Ghanaians have been urged to uphold the practice of hand washing with running water and soap as the world commemorates this year’s World Water Day amidst the coronavirus (COVID-19) pandemic.
“We are not in normal times when the world, including Ghana, is currently facing the COVID-19 pandemic. Water plays an important role in keeping ourselves safe from exposure to the deadly virus,” according to the Ministry of Sanitation and Water Resources.
A statement issued by Cecilia Abena Dapaah, the Sector Minister in Accra last Sunday to commemorate the day said hand washing was one of the best precautionary measures against the deadly disease.
“We are all therefore entreated to encourage and share knowledge and experience with whom it matters for a positive chain reaction across the entire country,” it said.
The United Nations (UN) has designated March 22 of every year as International World Water Day to focus global attention on the importance of water with this year’s edition on the theme, “Water and Climate Change.”
According to the statement, by using water more efficiently, the world would reduce greenhouse gases.
If the world limited global warming to 1.5 degrees Celsius above pre-industrial levels, it said climate-induced water stress could be cut by up to 50 per cent, whilst climate-resilient water supply and sanitation could save the lives of more than 360,000 infants every year.
Since the Paris 2015 conference on climate change, it said Ghana had made efforts towards reducing emissions from deforestation through conservation practices, enhancement of forest carbon stocks, and land-use mitigation measures.
Additionally, it said the country had made progress in the provision of basic drinking water services to the population, including improving drinking water sources from 78 per cent in 2017 to 81 per cent in 2019.
The population with safely managed drinking water sources also increased from 27 per cent in 2017 to 36 per cent in 2019, whilst on the contrary basic access to drinking water sources reduced from 51 per cent in 2017 to 45 per cent in 2019.

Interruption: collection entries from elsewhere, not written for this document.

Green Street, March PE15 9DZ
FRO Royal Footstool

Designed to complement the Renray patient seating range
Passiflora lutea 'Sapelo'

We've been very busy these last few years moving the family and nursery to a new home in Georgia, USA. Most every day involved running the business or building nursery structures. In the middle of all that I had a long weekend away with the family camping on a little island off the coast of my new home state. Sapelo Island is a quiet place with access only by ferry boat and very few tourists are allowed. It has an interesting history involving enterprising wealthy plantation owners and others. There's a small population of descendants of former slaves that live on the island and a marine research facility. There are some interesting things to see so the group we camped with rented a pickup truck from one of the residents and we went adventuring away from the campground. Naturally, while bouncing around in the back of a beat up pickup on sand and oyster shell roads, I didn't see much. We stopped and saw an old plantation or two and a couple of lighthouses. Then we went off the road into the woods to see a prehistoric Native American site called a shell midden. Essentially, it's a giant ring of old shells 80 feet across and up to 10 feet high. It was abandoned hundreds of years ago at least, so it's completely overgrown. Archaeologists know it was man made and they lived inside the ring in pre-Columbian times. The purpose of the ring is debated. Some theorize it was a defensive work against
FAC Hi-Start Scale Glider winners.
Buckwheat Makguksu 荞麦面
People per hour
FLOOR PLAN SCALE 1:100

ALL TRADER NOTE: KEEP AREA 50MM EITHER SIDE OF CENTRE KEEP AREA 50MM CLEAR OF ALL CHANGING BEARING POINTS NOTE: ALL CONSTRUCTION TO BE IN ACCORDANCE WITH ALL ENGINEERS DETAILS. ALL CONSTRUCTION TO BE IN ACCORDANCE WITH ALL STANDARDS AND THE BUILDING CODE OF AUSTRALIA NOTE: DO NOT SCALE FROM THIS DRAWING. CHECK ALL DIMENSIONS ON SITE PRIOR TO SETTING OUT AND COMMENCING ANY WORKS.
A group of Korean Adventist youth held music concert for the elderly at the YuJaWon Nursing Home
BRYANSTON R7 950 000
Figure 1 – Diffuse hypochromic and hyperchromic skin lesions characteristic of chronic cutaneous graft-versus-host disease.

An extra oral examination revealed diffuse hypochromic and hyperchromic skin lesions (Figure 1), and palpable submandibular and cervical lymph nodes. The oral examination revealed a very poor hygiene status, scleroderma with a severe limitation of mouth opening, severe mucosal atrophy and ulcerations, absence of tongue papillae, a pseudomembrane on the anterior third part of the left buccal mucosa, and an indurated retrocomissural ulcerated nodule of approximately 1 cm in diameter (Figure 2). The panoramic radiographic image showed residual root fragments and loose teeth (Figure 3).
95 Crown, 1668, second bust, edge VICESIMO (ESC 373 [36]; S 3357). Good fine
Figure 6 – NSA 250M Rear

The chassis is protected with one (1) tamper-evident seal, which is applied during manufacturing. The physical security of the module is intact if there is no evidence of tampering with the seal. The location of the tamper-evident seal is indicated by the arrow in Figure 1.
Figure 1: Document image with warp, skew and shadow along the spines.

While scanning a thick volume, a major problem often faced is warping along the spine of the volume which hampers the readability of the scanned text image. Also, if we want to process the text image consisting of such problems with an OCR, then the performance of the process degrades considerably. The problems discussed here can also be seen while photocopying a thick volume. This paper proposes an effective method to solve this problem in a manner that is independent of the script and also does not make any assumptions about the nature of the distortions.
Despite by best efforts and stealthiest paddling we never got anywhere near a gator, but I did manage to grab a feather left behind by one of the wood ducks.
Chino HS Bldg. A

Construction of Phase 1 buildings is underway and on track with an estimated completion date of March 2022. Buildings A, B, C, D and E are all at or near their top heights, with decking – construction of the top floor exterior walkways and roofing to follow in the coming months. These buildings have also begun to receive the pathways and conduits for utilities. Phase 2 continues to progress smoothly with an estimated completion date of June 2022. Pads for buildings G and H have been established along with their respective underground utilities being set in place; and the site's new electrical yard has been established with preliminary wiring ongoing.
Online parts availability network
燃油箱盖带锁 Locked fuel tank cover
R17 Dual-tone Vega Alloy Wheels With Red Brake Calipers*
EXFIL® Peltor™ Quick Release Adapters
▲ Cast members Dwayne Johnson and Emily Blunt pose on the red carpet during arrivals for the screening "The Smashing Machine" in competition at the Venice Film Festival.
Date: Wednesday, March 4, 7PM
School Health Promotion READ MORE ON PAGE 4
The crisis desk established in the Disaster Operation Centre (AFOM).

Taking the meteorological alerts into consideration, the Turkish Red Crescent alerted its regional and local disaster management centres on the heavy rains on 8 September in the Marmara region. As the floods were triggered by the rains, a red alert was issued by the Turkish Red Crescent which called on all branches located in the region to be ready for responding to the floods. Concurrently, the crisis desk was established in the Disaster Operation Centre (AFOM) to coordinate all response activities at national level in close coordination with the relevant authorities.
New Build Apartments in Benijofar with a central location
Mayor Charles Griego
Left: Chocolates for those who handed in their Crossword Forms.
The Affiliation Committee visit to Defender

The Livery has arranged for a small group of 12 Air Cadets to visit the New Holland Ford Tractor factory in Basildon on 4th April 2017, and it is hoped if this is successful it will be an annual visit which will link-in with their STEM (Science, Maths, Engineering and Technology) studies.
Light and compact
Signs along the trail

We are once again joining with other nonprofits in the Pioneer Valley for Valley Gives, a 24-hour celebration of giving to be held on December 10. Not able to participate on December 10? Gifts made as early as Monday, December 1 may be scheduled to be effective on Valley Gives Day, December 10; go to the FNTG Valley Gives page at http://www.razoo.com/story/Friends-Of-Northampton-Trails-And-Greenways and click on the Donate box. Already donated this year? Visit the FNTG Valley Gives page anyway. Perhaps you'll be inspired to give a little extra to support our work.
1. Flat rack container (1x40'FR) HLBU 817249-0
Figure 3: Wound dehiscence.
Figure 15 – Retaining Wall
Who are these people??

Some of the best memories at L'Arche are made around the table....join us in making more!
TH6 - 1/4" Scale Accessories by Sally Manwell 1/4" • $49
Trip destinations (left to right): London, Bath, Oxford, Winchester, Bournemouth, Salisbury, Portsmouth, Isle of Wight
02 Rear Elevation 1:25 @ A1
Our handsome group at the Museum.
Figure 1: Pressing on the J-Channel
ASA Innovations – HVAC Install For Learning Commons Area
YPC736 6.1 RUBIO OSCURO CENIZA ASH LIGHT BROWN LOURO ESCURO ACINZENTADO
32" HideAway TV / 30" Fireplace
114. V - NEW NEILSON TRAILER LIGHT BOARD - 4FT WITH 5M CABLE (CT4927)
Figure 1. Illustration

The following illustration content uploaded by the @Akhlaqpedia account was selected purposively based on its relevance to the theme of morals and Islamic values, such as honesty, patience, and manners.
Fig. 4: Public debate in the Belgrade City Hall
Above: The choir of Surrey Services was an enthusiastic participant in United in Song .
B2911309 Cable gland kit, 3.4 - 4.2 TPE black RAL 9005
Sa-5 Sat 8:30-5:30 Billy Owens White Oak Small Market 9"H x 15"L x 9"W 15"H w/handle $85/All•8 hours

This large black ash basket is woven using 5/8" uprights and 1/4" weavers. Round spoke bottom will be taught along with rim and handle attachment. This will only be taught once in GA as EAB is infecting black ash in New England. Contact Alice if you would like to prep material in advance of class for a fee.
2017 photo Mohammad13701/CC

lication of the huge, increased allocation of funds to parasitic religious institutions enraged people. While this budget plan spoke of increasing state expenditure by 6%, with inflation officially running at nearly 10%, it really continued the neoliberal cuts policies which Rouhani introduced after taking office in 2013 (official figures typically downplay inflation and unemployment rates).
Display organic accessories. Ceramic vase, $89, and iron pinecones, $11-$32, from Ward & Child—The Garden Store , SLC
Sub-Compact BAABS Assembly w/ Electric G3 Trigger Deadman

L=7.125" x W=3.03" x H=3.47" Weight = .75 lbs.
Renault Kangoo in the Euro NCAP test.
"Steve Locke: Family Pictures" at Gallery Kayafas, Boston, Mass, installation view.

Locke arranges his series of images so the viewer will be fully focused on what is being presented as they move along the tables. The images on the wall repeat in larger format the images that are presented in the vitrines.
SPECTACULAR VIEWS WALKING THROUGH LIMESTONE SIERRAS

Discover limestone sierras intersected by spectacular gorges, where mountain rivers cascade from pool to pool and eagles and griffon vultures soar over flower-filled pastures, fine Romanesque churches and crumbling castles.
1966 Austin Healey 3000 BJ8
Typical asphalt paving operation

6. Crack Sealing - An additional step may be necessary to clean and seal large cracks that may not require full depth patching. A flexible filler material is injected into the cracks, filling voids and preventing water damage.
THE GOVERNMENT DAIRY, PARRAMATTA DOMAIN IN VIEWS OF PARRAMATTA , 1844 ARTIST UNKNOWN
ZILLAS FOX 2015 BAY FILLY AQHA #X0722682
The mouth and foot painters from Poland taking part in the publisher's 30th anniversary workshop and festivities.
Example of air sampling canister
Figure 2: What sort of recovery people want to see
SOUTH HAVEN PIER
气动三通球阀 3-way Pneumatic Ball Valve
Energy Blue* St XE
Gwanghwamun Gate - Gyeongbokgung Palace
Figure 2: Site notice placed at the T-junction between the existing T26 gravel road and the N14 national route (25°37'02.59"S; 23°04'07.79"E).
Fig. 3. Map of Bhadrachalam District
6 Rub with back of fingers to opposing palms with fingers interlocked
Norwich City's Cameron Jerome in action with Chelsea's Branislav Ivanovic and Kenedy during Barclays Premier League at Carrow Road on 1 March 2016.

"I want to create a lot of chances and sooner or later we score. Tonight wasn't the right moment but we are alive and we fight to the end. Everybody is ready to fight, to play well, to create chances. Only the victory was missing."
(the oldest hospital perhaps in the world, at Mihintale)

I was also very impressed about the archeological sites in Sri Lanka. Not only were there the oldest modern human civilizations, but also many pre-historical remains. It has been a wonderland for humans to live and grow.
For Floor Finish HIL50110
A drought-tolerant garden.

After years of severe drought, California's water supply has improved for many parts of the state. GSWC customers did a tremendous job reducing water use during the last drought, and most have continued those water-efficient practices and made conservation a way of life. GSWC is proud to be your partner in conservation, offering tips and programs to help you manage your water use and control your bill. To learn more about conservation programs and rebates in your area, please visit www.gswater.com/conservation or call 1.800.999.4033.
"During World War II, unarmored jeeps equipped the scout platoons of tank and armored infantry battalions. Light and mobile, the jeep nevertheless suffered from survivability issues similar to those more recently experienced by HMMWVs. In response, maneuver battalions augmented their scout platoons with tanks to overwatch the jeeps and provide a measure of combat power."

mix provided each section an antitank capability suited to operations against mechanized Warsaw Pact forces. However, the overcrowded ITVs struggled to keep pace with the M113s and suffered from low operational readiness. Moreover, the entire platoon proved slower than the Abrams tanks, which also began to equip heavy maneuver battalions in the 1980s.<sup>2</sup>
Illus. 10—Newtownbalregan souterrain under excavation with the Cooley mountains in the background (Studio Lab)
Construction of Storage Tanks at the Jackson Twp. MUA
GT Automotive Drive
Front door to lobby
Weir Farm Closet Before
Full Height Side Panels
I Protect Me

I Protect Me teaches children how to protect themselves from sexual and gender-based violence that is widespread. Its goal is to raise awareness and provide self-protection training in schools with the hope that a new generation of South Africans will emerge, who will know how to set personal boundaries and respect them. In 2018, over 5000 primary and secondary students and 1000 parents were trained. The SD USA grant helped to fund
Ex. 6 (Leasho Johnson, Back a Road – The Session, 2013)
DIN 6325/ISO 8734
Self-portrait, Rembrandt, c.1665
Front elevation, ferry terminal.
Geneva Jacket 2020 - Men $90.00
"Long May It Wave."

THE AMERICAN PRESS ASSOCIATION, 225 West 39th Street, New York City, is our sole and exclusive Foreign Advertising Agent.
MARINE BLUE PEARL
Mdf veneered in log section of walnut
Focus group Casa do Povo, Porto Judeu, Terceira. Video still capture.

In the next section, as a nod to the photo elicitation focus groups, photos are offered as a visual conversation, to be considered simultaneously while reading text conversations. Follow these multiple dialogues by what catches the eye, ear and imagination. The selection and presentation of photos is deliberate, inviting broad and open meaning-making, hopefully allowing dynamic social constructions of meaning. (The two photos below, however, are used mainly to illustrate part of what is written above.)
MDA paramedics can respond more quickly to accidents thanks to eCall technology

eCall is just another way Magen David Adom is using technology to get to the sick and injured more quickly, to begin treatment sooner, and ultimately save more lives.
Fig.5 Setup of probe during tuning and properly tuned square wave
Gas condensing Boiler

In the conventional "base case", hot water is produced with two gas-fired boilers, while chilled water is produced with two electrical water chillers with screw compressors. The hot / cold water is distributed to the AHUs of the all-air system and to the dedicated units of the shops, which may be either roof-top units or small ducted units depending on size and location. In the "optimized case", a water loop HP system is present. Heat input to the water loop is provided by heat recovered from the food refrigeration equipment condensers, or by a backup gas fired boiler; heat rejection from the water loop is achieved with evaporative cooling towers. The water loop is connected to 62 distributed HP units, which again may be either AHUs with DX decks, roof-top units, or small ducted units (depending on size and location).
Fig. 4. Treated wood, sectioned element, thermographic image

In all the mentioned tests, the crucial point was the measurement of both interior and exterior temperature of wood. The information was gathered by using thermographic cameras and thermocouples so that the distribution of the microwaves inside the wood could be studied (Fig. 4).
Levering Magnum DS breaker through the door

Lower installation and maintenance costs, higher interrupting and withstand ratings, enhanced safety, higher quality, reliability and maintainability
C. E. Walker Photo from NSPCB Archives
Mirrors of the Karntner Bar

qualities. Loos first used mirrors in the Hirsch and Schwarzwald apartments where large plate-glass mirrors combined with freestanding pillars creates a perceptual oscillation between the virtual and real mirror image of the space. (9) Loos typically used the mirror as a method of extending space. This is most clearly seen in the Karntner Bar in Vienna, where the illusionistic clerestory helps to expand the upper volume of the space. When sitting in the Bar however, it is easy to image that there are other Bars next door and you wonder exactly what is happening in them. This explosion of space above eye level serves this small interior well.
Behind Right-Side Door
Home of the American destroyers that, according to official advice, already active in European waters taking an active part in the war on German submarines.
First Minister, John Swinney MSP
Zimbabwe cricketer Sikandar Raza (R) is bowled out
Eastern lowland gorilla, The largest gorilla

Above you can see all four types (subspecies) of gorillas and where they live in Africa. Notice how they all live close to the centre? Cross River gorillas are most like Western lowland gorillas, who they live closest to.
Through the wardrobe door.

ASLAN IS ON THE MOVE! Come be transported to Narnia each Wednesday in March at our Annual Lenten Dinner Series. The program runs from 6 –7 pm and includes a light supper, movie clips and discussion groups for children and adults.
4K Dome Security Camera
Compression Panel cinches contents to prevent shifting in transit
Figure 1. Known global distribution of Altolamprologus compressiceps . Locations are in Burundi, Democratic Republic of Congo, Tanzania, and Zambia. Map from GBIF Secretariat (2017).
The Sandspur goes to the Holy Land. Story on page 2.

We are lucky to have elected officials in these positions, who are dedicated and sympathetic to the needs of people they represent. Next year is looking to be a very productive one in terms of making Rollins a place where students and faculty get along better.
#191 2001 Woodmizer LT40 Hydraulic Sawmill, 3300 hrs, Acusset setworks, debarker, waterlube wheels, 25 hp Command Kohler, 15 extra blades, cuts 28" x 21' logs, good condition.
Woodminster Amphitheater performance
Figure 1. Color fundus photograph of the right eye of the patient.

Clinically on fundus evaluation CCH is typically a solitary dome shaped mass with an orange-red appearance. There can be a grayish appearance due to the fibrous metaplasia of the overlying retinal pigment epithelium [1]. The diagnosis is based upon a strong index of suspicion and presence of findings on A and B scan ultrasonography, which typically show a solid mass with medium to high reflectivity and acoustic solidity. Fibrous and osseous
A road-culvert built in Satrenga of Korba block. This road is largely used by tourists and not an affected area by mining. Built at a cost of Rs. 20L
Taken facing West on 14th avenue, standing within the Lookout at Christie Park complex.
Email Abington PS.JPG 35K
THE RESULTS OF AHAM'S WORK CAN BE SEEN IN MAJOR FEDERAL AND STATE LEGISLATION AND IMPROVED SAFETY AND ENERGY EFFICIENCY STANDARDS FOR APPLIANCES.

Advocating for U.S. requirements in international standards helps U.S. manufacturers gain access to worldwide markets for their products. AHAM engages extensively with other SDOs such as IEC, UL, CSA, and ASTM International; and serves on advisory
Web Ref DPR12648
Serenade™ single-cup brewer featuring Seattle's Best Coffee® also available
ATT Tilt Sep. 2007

Despite the progress made, illegal mining ‘galamsey’, and improper liquid and solid waste disposal, among others, it said, had affected the quality of water bodies as the proportion of rivers with poor ambient water quality had reduced from 61 per cent in 2016 to 47 per cent at the end of 2018.
On the way forward, the statement said a mixture of initiatives such as large-scale initiatives to protect the quality of water supply; and small-scale initiatives at the community level to manage and store water, and the use of technology were needed.
“It is also a fundamental call for us to utilise water in ways to help reduce floods, droughts, scarcity and pollution, and help fight climate change itself,” it said, and called for concerted support.